Work out how many lines in the data hold the string "used". Reply with only that number.

> [Information supplied]
────────
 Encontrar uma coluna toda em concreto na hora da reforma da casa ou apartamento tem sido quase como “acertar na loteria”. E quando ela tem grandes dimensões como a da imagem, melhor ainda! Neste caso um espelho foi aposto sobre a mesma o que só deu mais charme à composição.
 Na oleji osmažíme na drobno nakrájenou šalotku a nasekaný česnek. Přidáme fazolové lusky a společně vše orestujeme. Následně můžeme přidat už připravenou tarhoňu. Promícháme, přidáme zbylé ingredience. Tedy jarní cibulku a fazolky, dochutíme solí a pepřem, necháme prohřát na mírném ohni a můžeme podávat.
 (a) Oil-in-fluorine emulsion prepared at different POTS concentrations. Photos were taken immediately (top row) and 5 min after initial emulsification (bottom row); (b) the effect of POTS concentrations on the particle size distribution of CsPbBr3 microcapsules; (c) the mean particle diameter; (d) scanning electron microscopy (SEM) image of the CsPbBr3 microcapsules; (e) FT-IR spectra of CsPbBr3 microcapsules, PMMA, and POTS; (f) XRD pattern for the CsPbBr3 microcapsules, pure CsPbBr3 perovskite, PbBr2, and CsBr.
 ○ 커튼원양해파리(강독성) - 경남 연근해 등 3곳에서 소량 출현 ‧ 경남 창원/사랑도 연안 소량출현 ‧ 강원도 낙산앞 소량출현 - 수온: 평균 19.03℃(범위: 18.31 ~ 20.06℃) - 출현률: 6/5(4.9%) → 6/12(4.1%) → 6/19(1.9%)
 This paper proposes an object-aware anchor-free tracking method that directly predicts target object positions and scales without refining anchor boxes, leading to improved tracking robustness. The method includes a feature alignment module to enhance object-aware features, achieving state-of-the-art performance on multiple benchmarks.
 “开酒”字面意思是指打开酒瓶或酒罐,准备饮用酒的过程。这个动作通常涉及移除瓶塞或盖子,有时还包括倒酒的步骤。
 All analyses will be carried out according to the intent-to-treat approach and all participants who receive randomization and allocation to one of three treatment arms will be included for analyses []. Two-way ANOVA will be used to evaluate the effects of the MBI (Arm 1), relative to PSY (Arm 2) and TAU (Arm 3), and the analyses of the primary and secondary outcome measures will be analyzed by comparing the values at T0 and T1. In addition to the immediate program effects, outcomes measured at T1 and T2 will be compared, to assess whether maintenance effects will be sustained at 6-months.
────────
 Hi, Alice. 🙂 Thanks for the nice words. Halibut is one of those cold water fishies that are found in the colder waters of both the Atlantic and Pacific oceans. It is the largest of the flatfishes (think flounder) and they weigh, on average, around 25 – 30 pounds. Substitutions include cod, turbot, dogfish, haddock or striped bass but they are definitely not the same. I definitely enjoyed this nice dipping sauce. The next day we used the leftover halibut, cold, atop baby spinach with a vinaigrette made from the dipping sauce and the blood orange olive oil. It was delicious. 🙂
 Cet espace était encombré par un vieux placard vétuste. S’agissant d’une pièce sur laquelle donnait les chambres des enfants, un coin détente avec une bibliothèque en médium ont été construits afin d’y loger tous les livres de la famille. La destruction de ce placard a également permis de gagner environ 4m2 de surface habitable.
────────
> [Task output]
2